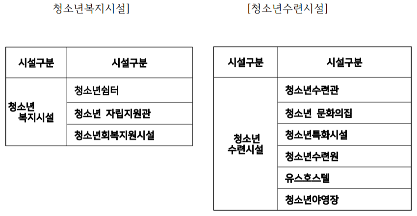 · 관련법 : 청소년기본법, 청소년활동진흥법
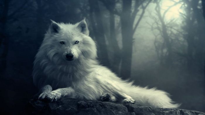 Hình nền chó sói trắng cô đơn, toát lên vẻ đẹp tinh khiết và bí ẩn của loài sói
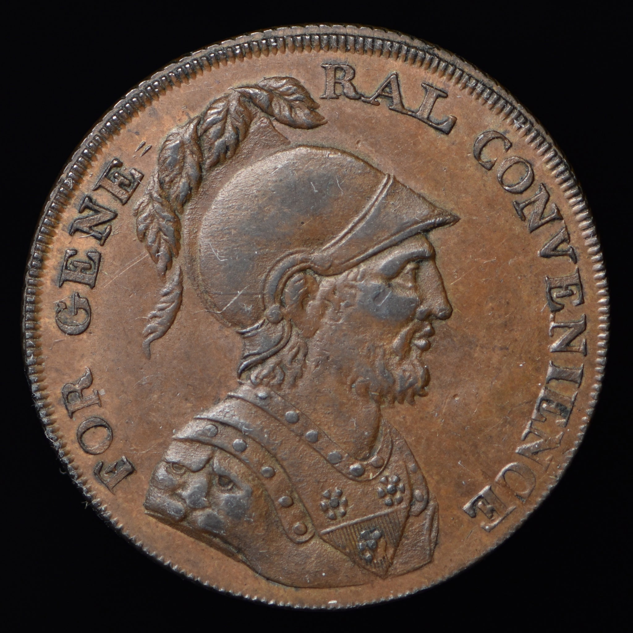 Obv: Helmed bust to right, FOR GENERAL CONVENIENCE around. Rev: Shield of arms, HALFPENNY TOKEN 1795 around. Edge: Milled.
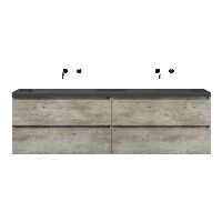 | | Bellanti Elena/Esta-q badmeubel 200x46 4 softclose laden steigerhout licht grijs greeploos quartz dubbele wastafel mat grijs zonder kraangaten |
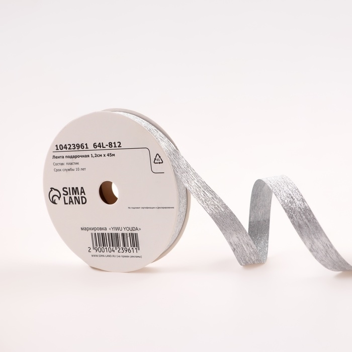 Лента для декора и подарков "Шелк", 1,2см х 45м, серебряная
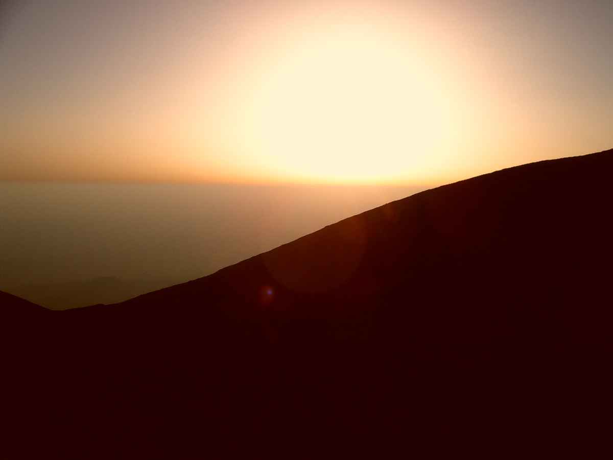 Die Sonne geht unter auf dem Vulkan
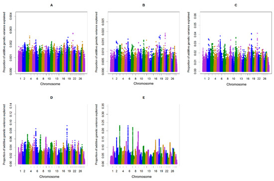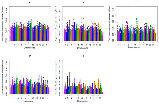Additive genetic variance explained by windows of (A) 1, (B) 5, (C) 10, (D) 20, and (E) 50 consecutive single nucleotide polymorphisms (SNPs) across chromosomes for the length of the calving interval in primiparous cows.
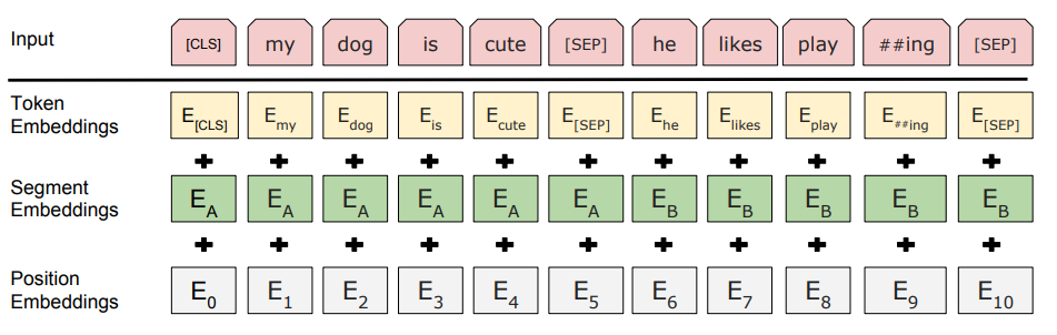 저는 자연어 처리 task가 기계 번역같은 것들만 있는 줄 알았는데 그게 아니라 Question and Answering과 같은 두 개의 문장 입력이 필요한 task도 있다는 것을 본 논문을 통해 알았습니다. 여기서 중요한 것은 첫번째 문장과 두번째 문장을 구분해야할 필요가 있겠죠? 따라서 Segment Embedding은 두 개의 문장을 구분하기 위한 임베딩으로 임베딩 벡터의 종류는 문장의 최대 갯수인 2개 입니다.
_ _ _ _ _
→ **What this task involves**: Start with the first line of the records above and end with the line containing "zonder kraangaten |". Output those lines exactly, pictures excluded.

→ **Task answer**:
 · 관련법 : 청소년기본법, 청소년활동진흥법
 Hình nền chó sói trắng cô đơn, toát lên vẻ đẹp tinh khiết và bí ẩn của loài sói
 Obv: Helmed bust to right, FOR GENERAL CONVENIENCE around. Rev: Shield of arms, HALFPENNY TOKEN 1795 around. Edge: Milled.
 | | Bellanti Elena/Esta-q badmeubel 200x46 4 softclose laden steigerhout licht grijs greeploos quartz dubbele wastafel mat grijs zonder kraangaten |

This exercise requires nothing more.